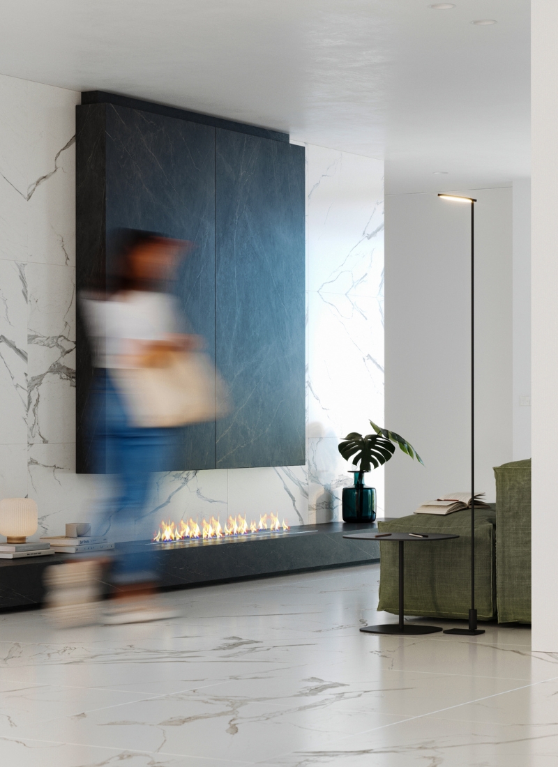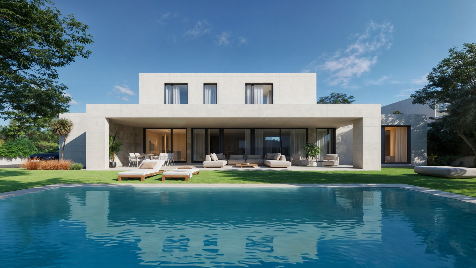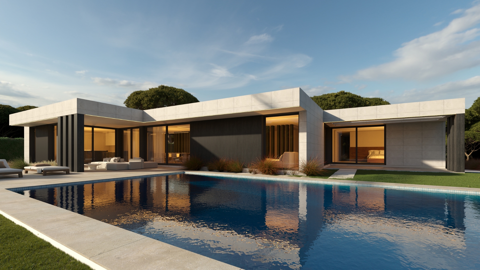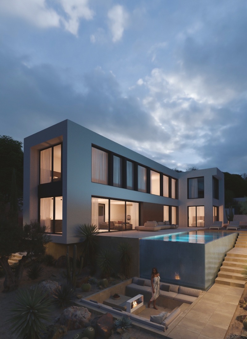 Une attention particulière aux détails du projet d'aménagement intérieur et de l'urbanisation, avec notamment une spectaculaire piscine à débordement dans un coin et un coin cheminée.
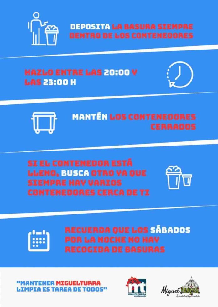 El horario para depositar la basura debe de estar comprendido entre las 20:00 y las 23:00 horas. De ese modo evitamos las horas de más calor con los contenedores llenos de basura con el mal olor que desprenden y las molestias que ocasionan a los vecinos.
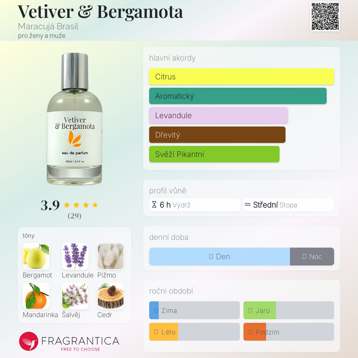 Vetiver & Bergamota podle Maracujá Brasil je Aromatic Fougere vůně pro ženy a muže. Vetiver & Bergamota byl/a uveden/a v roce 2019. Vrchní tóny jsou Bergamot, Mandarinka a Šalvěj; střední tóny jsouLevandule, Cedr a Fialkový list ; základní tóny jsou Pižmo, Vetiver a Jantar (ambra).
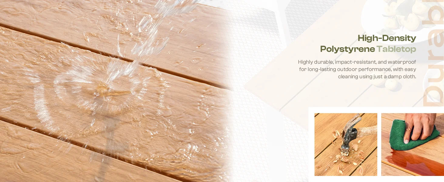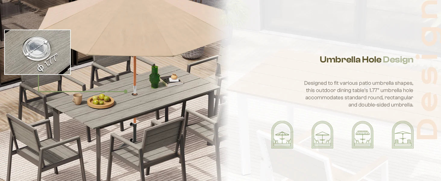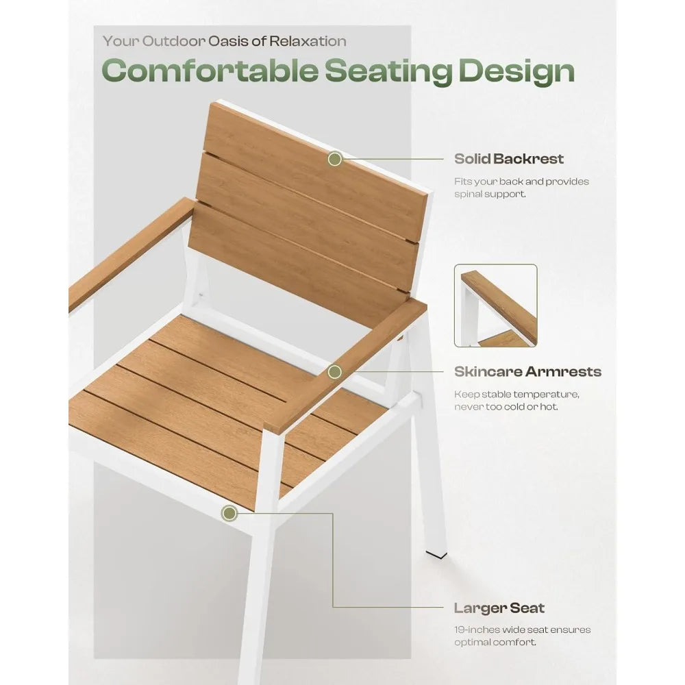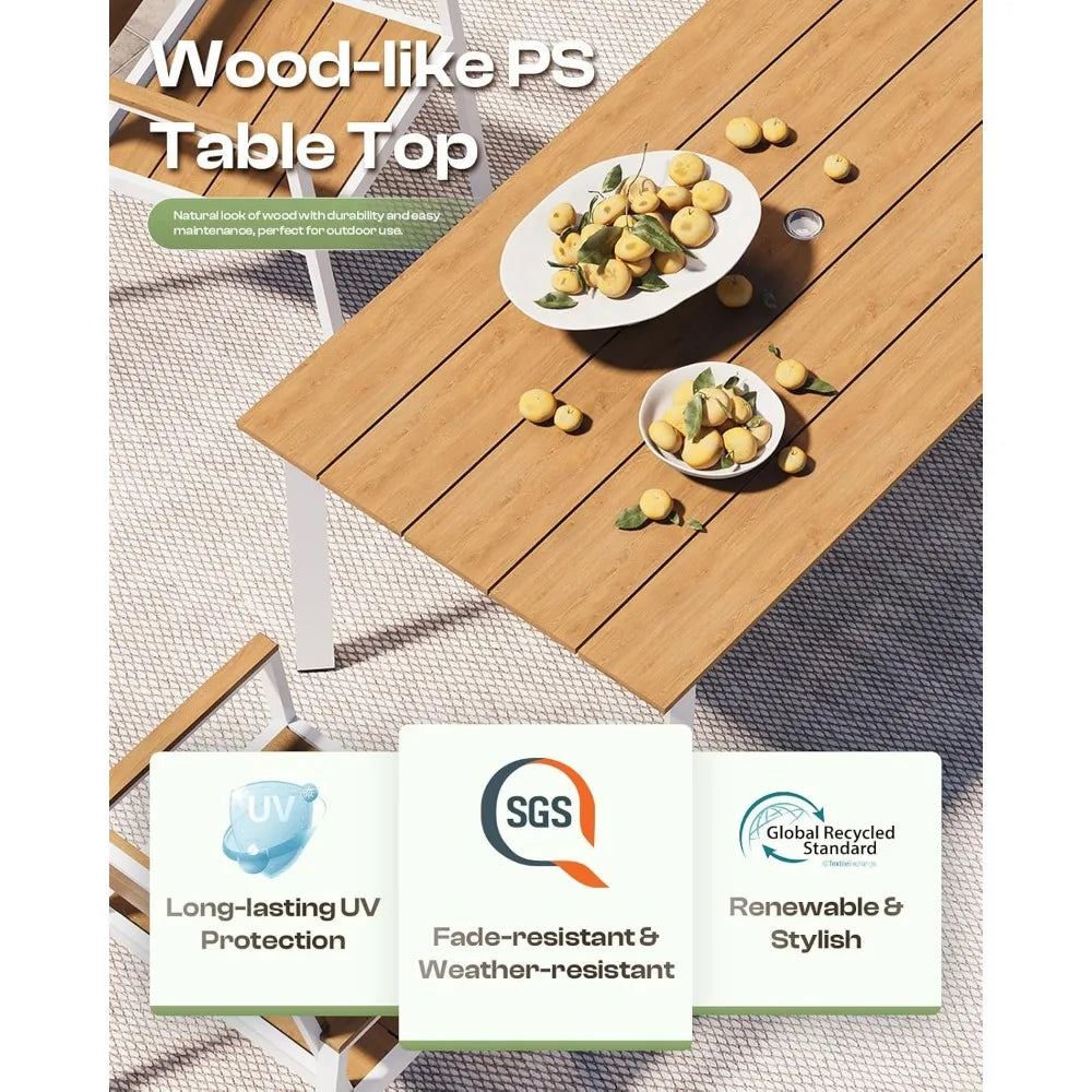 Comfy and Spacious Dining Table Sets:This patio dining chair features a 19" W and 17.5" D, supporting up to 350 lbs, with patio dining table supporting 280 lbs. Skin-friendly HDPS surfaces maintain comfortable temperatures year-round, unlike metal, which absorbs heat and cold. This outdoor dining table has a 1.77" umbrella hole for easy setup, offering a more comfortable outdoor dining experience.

...

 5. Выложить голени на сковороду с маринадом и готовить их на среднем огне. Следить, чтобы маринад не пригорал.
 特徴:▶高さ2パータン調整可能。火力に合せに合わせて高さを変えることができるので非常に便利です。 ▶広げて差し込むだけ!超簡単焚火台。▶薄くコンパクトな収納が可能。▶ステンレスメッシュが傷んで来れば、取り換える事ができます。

---

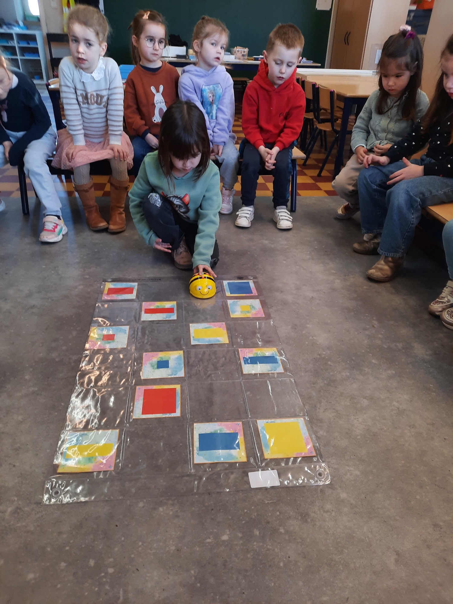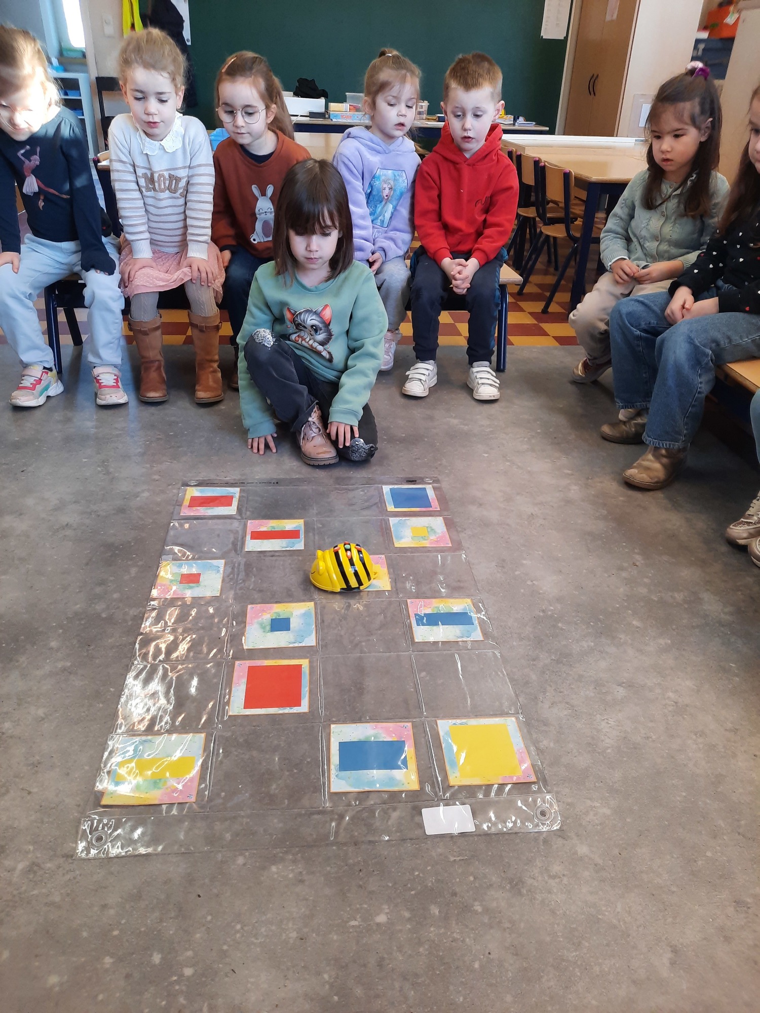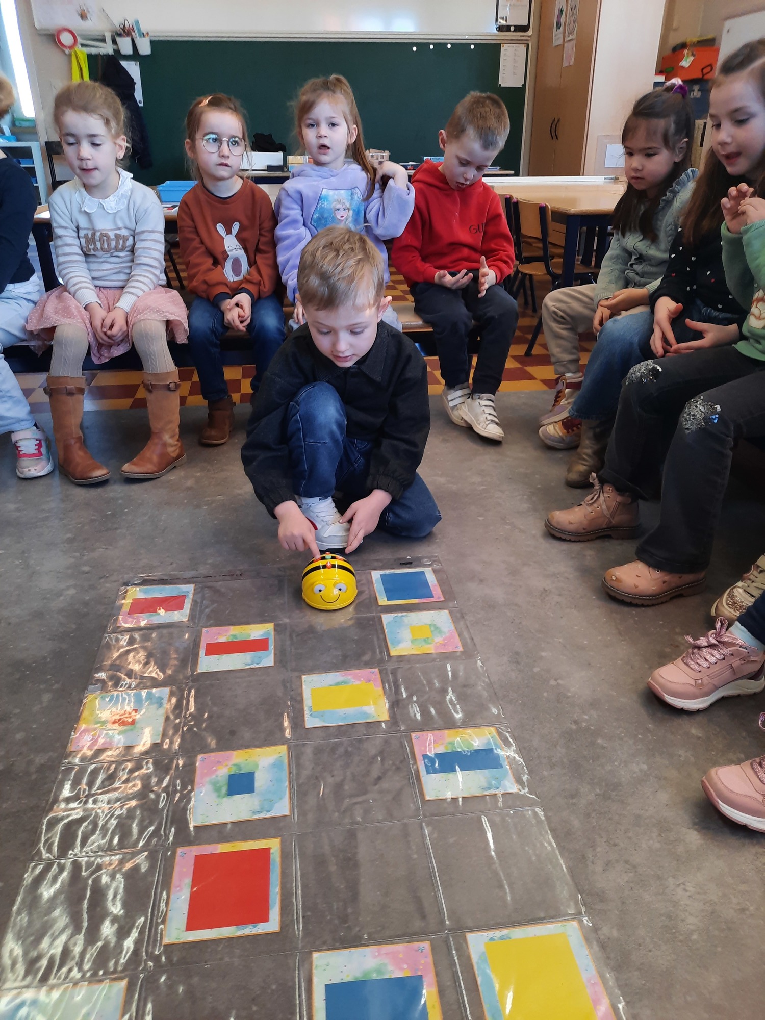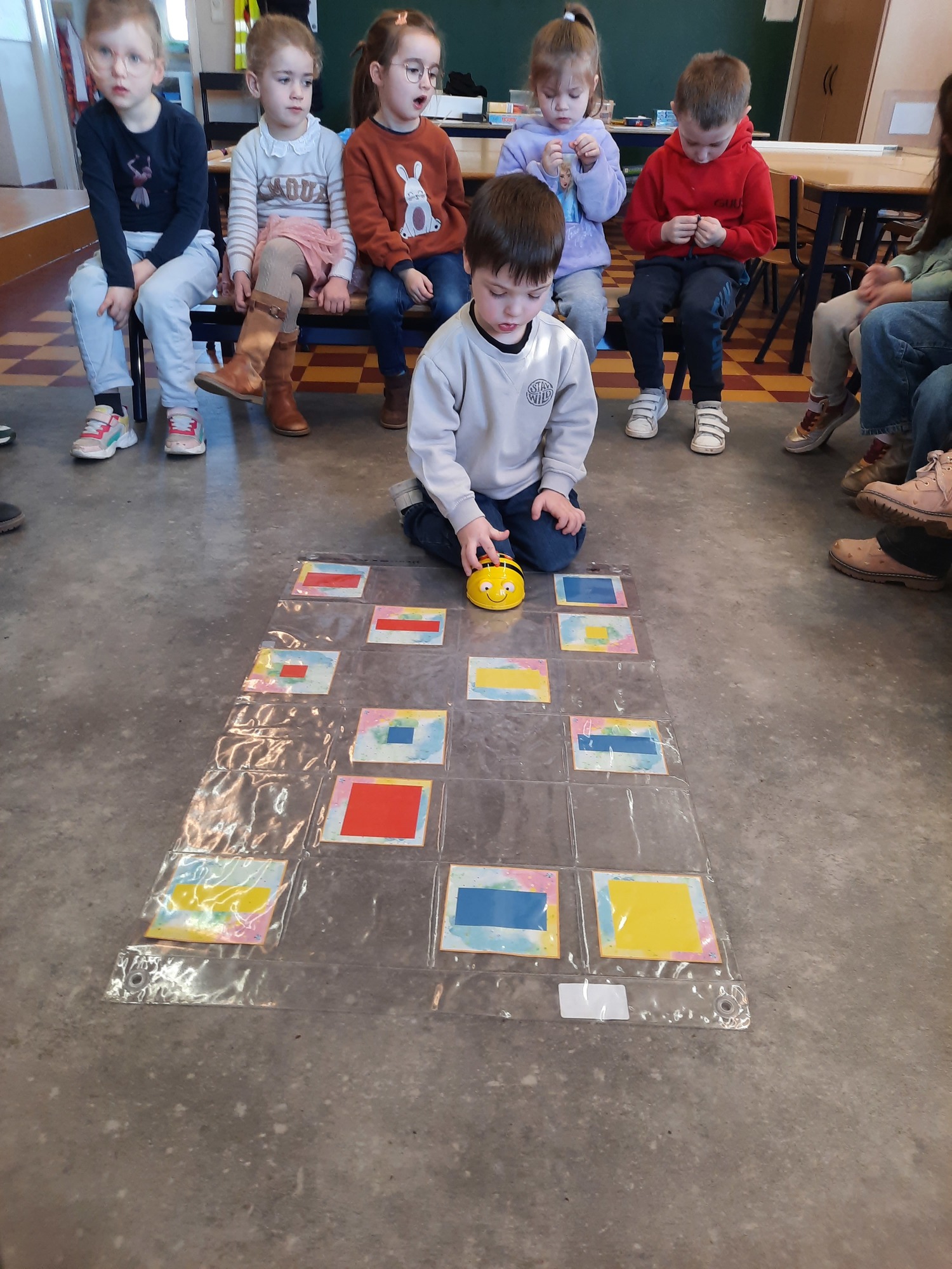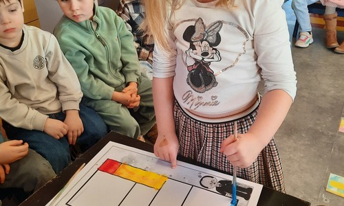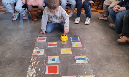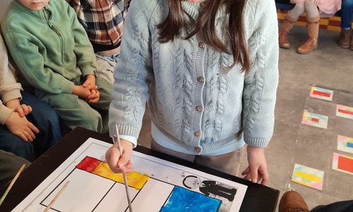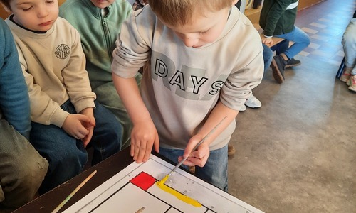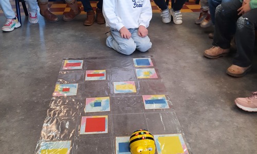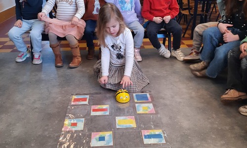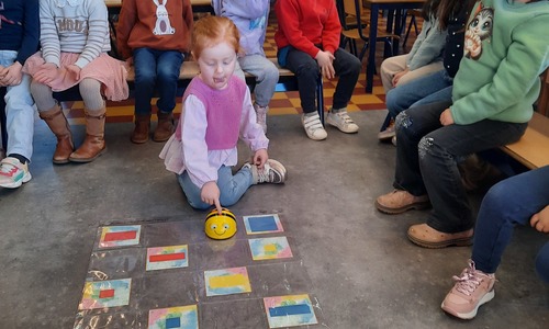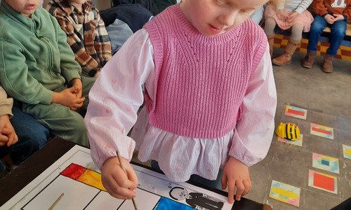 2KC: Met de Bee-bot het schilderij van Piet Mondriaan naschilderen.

## To do
Above are some records. Reproduce the lines from the one with "El horario para" down to the one with "Vetiver & Bergamota podle", keeping both, and leave every picture out.

## Output of the exercise
 El horario para depositar la basura debe de estar comprendido entre las 20:00 y las 23:00 horas. De ese modo evitamos las horas de más calor con los contenedores llenos de basura con el mal olor que desprenden y las molestias que ocasionan a los vecinos.
 Vetiver & Bergamota podle Maracujá Brasil je Aromatic Fougere vůně pro ženy a muže. Vetiver & Bergamota byl/a uveden/a v roce 2019. Vrchní tóny jsou Bergamot, Mandarinka a Šalvěj; střední tóny jsouLevandule, Cedr a Fialkový list ; základní tóny jsou Pižmo, Vetiver a Jantar (ambra).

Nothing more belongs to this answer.